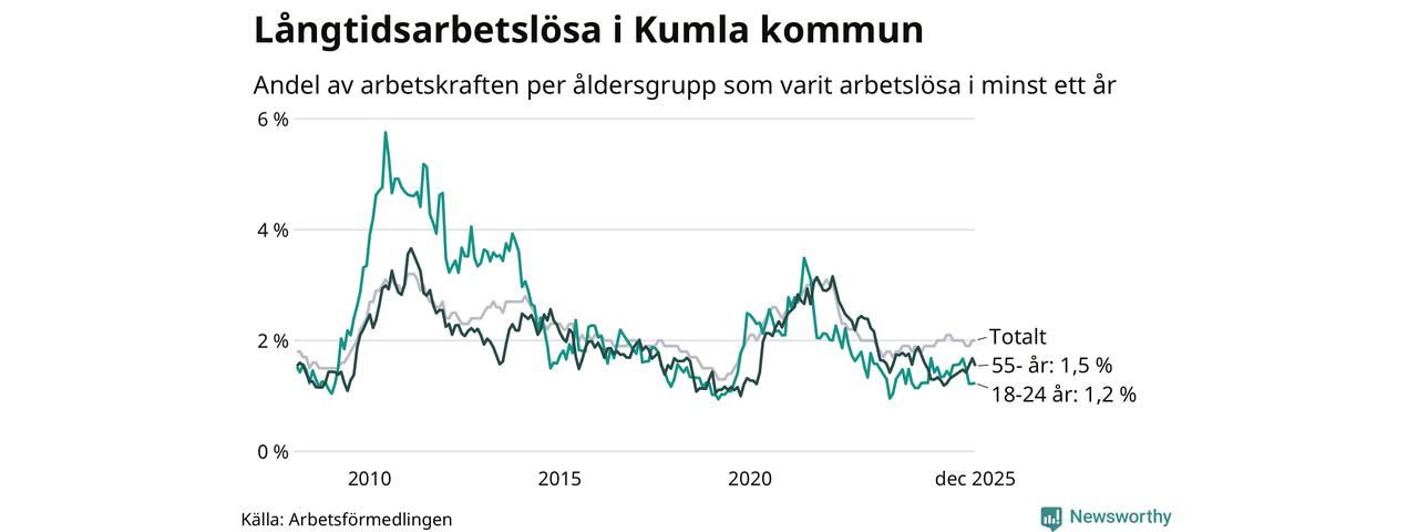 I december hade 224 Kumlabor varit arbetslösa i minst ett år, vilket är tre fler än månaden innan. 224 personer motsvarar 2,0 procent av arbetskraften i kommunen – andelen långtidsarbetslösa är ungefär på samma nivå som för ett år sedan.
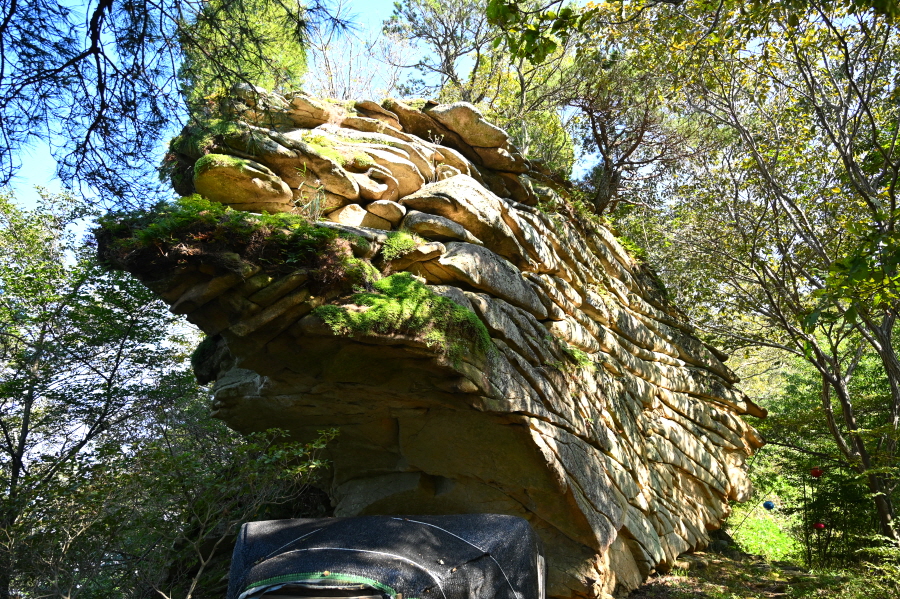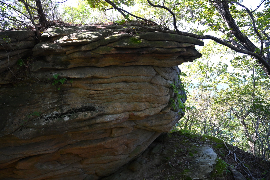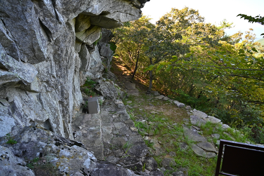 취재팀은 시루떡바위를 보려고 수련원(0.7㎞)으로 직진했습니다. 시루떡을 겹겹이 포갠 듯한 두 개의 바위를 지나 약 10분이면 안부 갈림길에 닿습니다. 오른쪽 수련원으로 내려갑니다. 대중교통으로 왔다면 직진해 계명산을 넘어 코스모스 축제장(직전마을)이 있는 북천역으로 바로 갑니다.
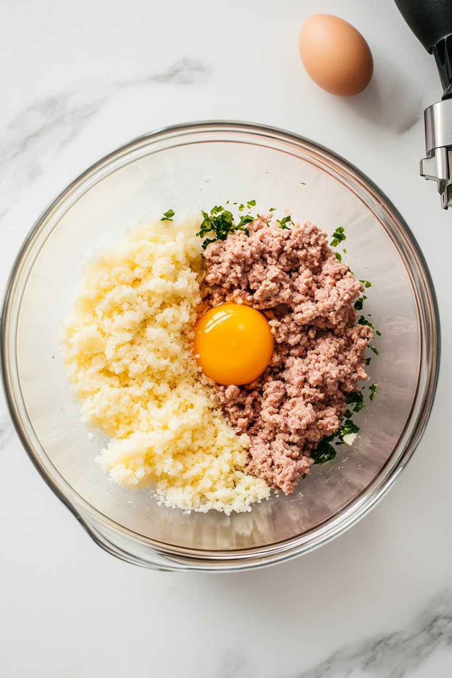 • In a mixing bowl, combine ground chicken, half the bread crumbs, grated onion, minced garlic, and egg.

[TASK DESCRIPTION] Write out again, exactly, only the lines from the beginning of the material above to the line that holds "취재팀은 시루떡바위를 보려고", both ends included, and no pictures.

[ANSWER]
 I december hade 224 Kumlabor varit arbetslösa i minst ett år, vilket är tre fler än månaden innan. 224 personer motsvarar 2,0 procent av arbetskraften i kommunen – andelen långtidsarbetslösa är ungefär på samma nivå som för ett år sedan.
 취재팀은 시루떡바위를 보려고 수련원(0.7㎞)으로 직진했습니다. 시루떡을 겹겹이 포갠 듯한 두 개의 바위를 지나 약 10분이면 안부 갈림길에 닿습니다. 오른쪽 수련원으로 내려갑니다. 대중교통으로 왔다면 직진해 계명산을 넘어 코스모스 축제장(직전마을)이 있는 북천역으로 바로 갑니다.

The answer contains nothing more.